One rainy Halloween day, I was dressed in a coat and tie ready for a day in academia at Umpqua Community College where I taught journalism. The family was still asleep when I drove my car to the edge of the driveway and there I spied Wazoo splattered on Garden Valley Road.
I couldn’t allow my two young sons, Jack and Jeff, to witness this tragedy when they walked out to the roadway to catch the school bus. I returned to the house, took off my dress clothes and donned mud gear, got a plastic shopping bag from the storage bin, picked up a shovel from the tool shed and made my way to the road where I scooped up the remains of Wazoo, trudged up on the hill and dug a muddy grave to bury Wazoo.
I returned to the house, stripped off my muddy clothes and boots, washed off the black mud that stuck to my skin and redressed for the trip to the college. I sat on the stairwell to tie my shoes and while in that position, Wazoo jumped in my lap. To make matters more ghoulish, I had just finished reading Stephen King’s “Pet Sematary,” in which the protagonist Louis Creed buries the family cat, Jud, and is about to inform the family about the death of the cat when Jud reappears.

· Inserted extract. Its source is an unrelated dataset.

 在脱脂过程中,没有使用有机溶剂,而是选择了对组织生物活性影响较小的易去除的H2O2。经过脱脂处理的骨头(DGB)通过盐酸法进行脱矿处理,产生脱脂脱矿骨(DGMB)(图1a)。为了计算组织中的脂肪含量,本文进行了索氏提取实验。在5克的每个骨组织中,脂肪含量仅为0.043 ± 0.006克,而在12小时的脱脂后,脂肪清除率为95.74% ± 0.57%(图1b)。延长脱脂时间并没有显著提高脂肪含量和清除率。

When my heart got back in rhythm I continued to my classroom at UCC. Whose cat is buried on my hill? I haven’t the foggiest idea, but I do know cats have nine lives, especially on Halloween.
Wazoo lived out his nine lives, and as it always seems to happen at my house, my daughter moved away and left Wazoo in my care. I have long felt pets are a nuisance -– nuisances that have to be fed, bathed, and pampered and are always underfoot. As a parent, one feels obligated to allow the children to have the experience of a pet, which meant that I had to feed, bath and see to the pet’s well being.

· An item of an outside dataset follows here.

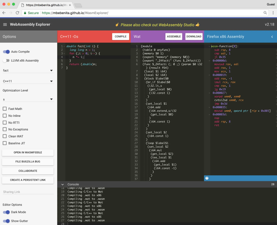 WebAssembly is a new type of code that can be run in modern web browsers — it is a low-level assembly-like language with a compact binary format that runs with near-native performance and provides languages such as C/C++, C# and Rust with a compilation target so that they can run on the web. It is also designed to run alongside JavaScript, allowing both to work together. |

Over the years that included everything from pet mice, gerbils, turtles, gold fish and of course an assortment of dogs and cats of every description. My oldest daughter volunteered one Christmas break at her school to bring home the class pet, “ “Greymouse” over the holidays. That wily mouse would get out of its cage hide in such tight places as behind the freezer in the utility room.

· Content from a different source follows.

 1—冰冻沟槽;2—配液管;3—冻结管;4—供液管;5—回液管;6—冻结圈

Once I found it in the jaws of the neighbor’s cat, Blackie, and pried it loose with the help of my oldest son, John. I was struggling to get Greymouse back in his cage, when it bit John on the hand deep enough to break the skin, so John let go of Greymouse, who proceeded to scurry up my pant leg. With a swift kick I sent it slamming against the utility room wall. One dead mouse.
My wife, Ada, worried about the bite on John’s hand and called the doctor. The doctor said the mouse might be rabid and suggested we freeze the corpse for an autopsy by a veterinarian at the animal shelter. Weeks later I got a written report that the frozen mouse had died from a broken neck inflicted by a blunt force and not from rabies. Penned to the bottom was a handwritten note that said: “In the future do not freeze the corpse because it destroys any evidence of rabies.”
The first story was a Halloween story, the other was just a horror story.